Шрифт:
Закладка:
И, повязавши хорошую хустку на голову, а в другую завязавши десяток бубличков, отправилась за Альту.
Проходя мимо школы, она остановилась и послушала, как школяры учатся, а уходя, шепотом говорила:
— Бедные дети! Им бы надо хоть обед когда-нибудь сделать.
Степан Мартынович, увидя в окно свою дорогую посетительницу, выбежал из школы с непокровенною главою, только в белом полотняном халате, и в два прыжка нагнал ее у входа в сад и пасеку, сказавши:
— Приветствую вас в нашей палестине...
— Ах, как вы меня перепугалы!
— Смиренно прошу [прощения] прегрешений моих,— говорил Степан Мартынович, отворяя калитку в сад.
— А я сегодня сижу себе дома одна, как палец: Никифор Федорович в пасеке, а Марина огородину полет. Так я сижу себе да и думаю: пойду-ка я посмотрю, что там за сад и за пасека у Степана Мартыновича, да и его-таки проведаю. Он что-то нас цурается.
— И подумать про меня, боже сохрани, такое грешное! Да ведь я и вчера, и позавчера, и всякой вечер у вас сижу, ну и сегодня зайду, даст бог управлюсь.
— А я как не вижу вас целый день, то мне кажется, что целый год.
С этими словами они вошли в курень, или под навес из древесных ветвей и соломы. В курене, на земле сверх соломы, раскинуто белое рядно и подушка,— то было смиренное ложе Степана Мартыновича. Около ложа стоял глиняный глечик с водою и такой же кухоль, а из-под подушки выглядывал угол неизменной «Энеиды». Прасковья Тарасовна с минуту посмотрела на все это и с участием сказала:
— Прекрасно, все прекрасно; нечего больше и сказать.

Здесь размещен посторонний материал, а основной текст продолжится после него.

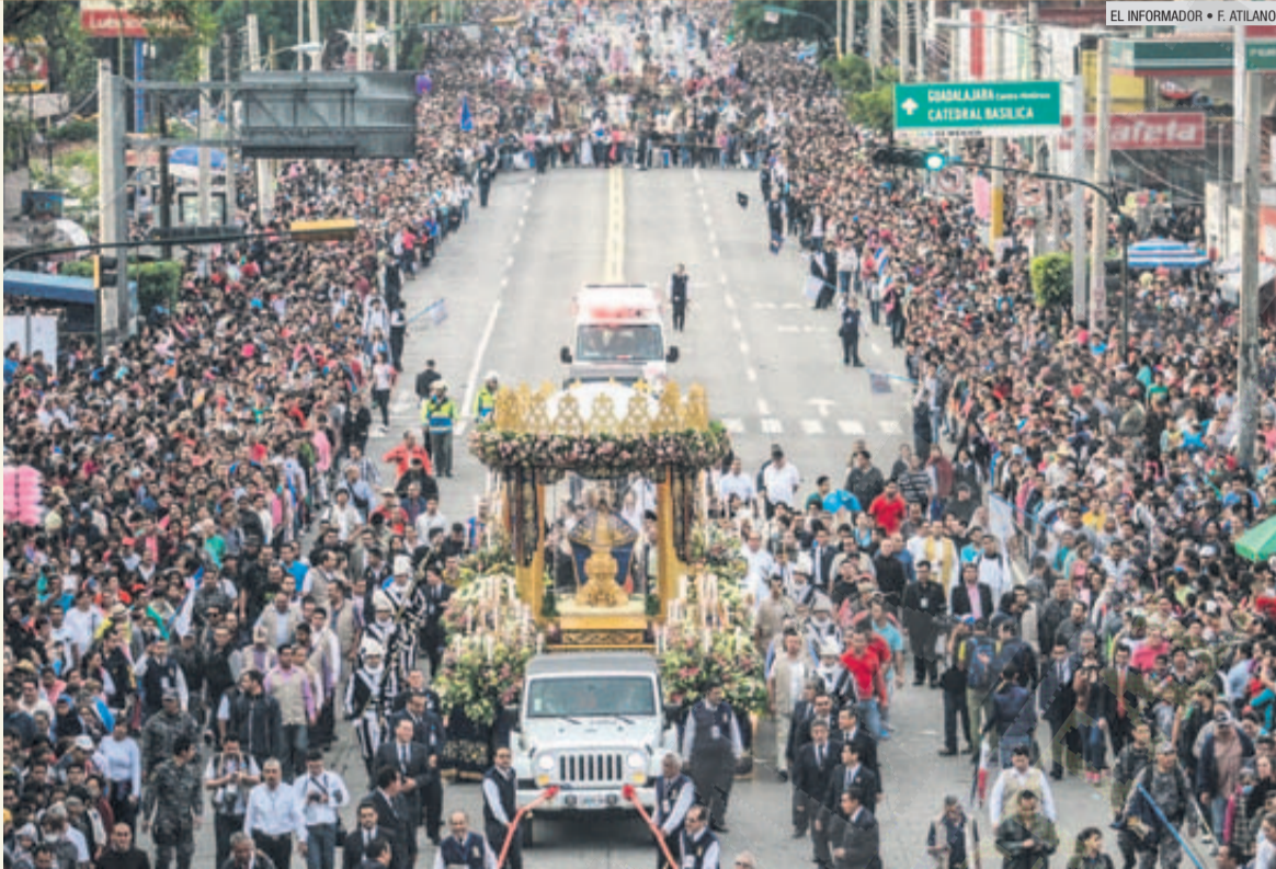
VENERADA. La Virgen de Zapopan regresó a su nicho escoltada por miles de fieles seguidores.

Только вот что,— сказала она, садясь на лежавший пустой улей,— зачем вы книгу бросаете в пасеке? Ну, боже сохрани, худого человека: придет да и украдет, а книга-то, сами знаете, дорогая!
— Дорогая, дорогая книга, Прасковья Тарасовна. Она мое единственное назидание,— пошли, господи, царствие твое незлобивой душе нашего благодетеля Ивана Петровича.
— Мы думаем с Никифором Федоровичем, даст бог дождать, после Семена служить панихиду по Иване Петровиче и обед тоже для нищей братии. Так нельзя ли вам будет с вашими школярами «Со святыми упокой» и петь при панихиде?
— Можно, и паче можно.
— Как это у вас все скоро выросло! Смотрите, какая липа, просто прекрасная!
— Да, эта липа будет высокая. Но все-таки не будет такая, как я видел за Днепром около самых ворот Мошнинского монастыря. Так на той липе брат вратарь и ложе себе соорудил на случай от мух прятаться.
— Да, я думаю, там за Днепром все такие лыпы?
— Нет, не все,— есть и меньшей меры.
— А не читали ли вы в какой-нибудь книге о такой притче, какая теперь случилась с нашими Зосей и Ватей? — И рассказала ему свои недоумения насчет карьеры Зоси и Вати и прибавила: — Я думаю, что Зося генералом будет, а бедный Ватя и капитанского рангу не опанує. Отчего это, не знаете? Не читали?
— Не знаю, не читал,— с минуту подумавши, ответил Степан Мартынович и, еще минуту спустя, прибавил:— Думаю, об этом пространно есть писано у Ефрема Сирина или же у Юстина Философа, но у Тита Ливия нет.
— Оставайтеся здорови,— сказала Прасковья Тарасовна, быстро поднявшись с улья.— Вот я вам гостинчика принесла, да забыла.— Говоря это, она торопливо вывязывала бублички из хустки.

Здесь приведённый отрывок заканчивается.